[Task prompt] Could you return all of the entries below exactly, minus the pictures?

[Records from a dataset]
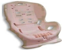
Chi tiết ô tô

http://www.digitaltrends.com/cool-tech/stalacight-lamp-shades/#/5
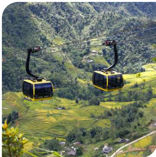
Fansipan Cable Car
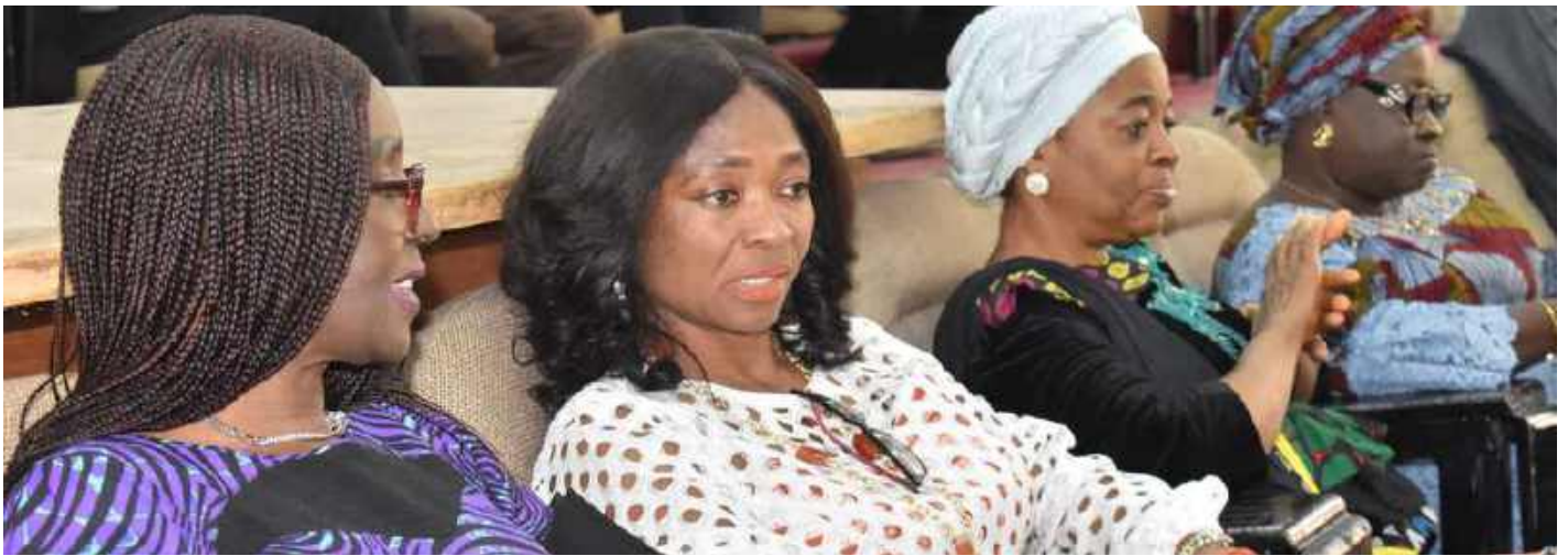
Cross Section of NUC Female Directors
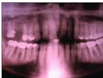
Figure 2: The DPT of the patient at presentation. The periapical radiolucency associated with the mesio-buccal and palatal roots may be seen
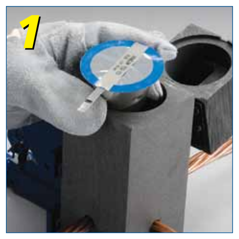
Insert CADWELD PLUS cup into mold (may require use of a cover/baffle)
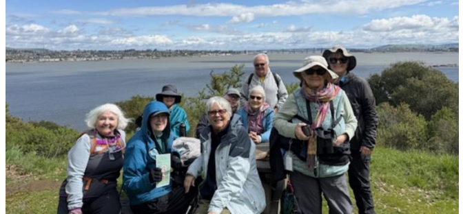
March 13 – Carquinez Scenic Drive
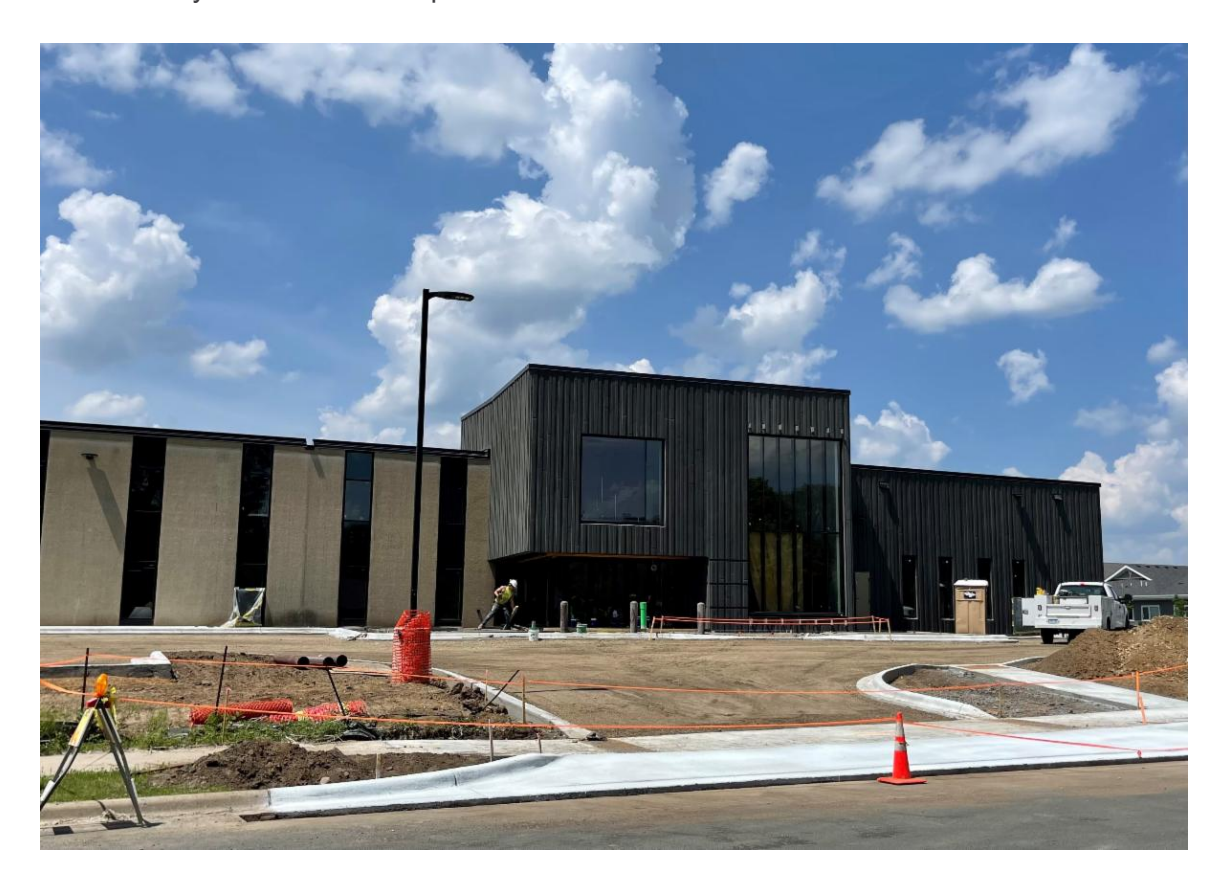
Additional information is available on the City's <u>City Center</u>

Exciting changes this week at the City Center project! Parking lot areas were prepped for paving next week and concrete sidewalks were poured. The exterior of the old building will be painted next week to match the new additions if weather allows. Furniture arrives next week so stay tuned for interior photos!
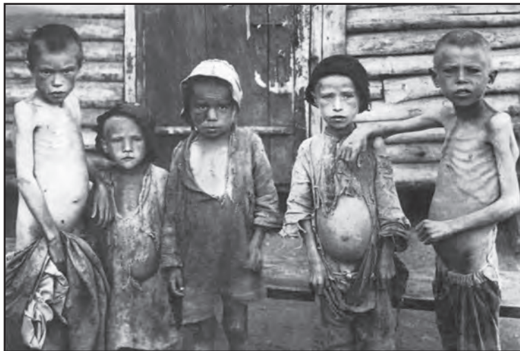
[A photograph of a group of starving Russian children towards the end of the Civil War in 1921]
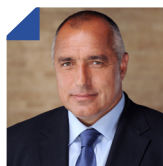
H.E. Boyko Borissov Prime Minister of the Republic of Bulgaria; rotating President, Council of the European Union
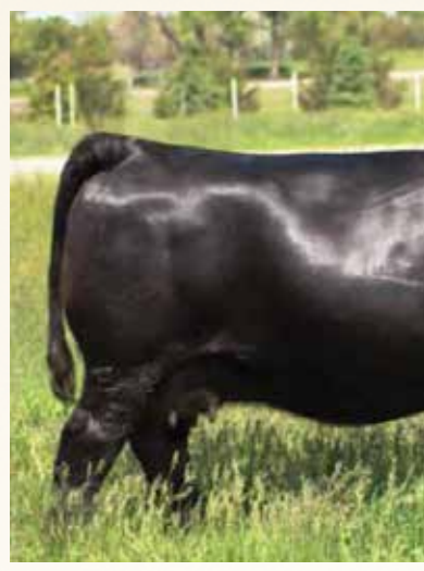
DAM OF L
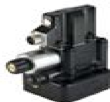
Parker R4V / R6V OBE Pilot Operated Pressure Relief Valves
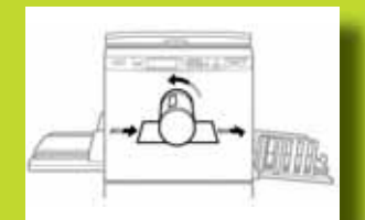
Straight paper path accommodates a wide variety of paper stocks
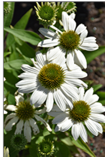
Kismet White Coneflower flowers
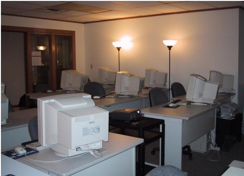
Cabri Training Room 12356 Northup Way Suite 104 Bellevue, WA 98005 (3/7/2002)
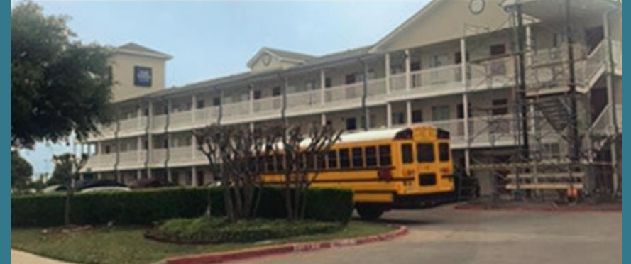
Hidden in plain sight

[Reply]
Chi tiết ô tô

http://www.digitaltrends.com/cool-tech/stalacight-lamp-shades/#/5
Fansipan Cable Car
Cross Section of NUC Female Directors
Figure 2: The DPT of the patient at presentation. The periapical radiolucency associated with the mesio-buccal and palatal roots may be seen
Insert CADWELD PLUS cup into mold (may require use of a cover/baffle)
March 13 – Carquinez Scenic Drive
Additional information is available on the City's <u>City Center</u>

Exciting changes this week at the City Center project! Parking lot areas were prepped for paving next week and concrete sidewalks were poured. The exterior of the old building will be painted next week to match the new additions if weather allows. Furniture arrives next week so stay tuned for interior photos!
[A photograph of a group of starving Russian children towards the end of the Civil War in 1921]
H.E. Boyko Borissov Prime Minister of the Republic of Bulgaria; rotating President, Council of the European Union
DAM OF L
Parker R4V / R6V OBE Pilot Operated Pressure Relief Valves
Straight paper path accommodates a wide variety of paper stocks
Kismet White Coneflower flowers
Cabri Training Room 12356 Northup Way Suite 104 Bellevue, WA 98005 (3/7/2002)
Hidden in plain sight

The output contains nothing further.